For access to mobile phones, biometric features such as fingerprint and face recognition are implemented in products (such as OKAO Vision Face Recognition Sensor which is software that can be used in mobile phones for face recognition and the Pantech GI100 phone). Although commercial implementations have been available on the market since 2005, the mainstream mobile phone brands have not implemented this widely yet

When combining biometrics with other technologies, additional threats need to be analysed and countered by appropriate security measures. One example for this which has been discussed above is storage of biometric reference data on RFID chips. The confidentiality of these biometric reference data among others strongly depends on control over the biometric system (or system) and effectiveness of access control mechanisms for the biometric data stored on the RFID chip. Development of additional technical security solutions is required before these technologies can be used securely in combination. This applies to all Types as discussed above. Obviously this was not done sufficiently for MRTDs such as the ePassport (Type I c government controlled ID model). As a consequence, Basic Access Control (BAC) as the access control mechanisms applied for today’s MRTDs shows a number of severe weaknesses. The weak part of encryption can be that the secret key has to be shared with widespread use. There are methods available to store a digital feature available which can not easily be computed back to the real biometric feature.
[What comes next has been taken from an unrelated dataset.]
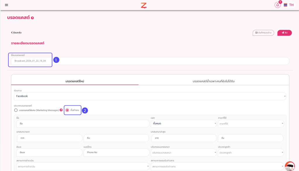2. ช่องทาง Facebook เลือกประเภทบรอดแคสต์แบบ ตั้งค่าเอง

As RFID is developed for wireless and remote readability, tracking of passport holders is a potential additional threat compared to purely paper based passports. To prevent tracking several measures such as Faraday cages, randomly chosen identifiers for the RFID chip and cryptographic access control mechanisms can be used. Unfortunately, the implementation of these measures is insufficient or missing, so that under certain circumstances tracking of passport holders seems to be well possible. An additional threat is tracking using biometric raw data (especially the digital photos) stored on the RFID chip. As the range of readers can be extended up to 50 cm, unrecognised readout of the raw data and abuse for tracking purposes using hidden cameras and biometric matching systems is a possible scenario.  

A possible solution to prevent unauthorised readout of RFID chips is to use them only in an active mode (dual port chips). In this case the data subject has to power up the RFID holding device by a wilful act before the chip can be read by an external device. Such a scheme greatly reduces the possible physical points of attack. 

Concluding remarks on security and privacy aspects of biometrics 

Biometric systems contain numerous sensitive points which may be attacked by impostors or attackers that intend to make the biometric system inoperative. The aim of an attacker is to manipulate the system in a way that it produces untrustworthy or wrong results. For the points of attack which have been identified, appropriate countermeasures shall be taken both on a conceptual as on an organisational level before a biometric system is put into use. Direct attacks on the physical biometric characteristic of a subject are conceptually not avoidable and the risk that such an attack succeeds is difficult to estimate. In addition to the security threats biometric systems pose also several and significant privacy risks which have been summed up above. These security and privacy threats are elements which need to be taken into account when evaluating the proportionality and the efficiency of the use of a biometric system for a specific purpose and in the context of a specific type of application (see above, section 3.3.3). Biometric applications should not be introduced if the privacy and security threats for individuals are disproportionate in comparison with to the benefits of the system.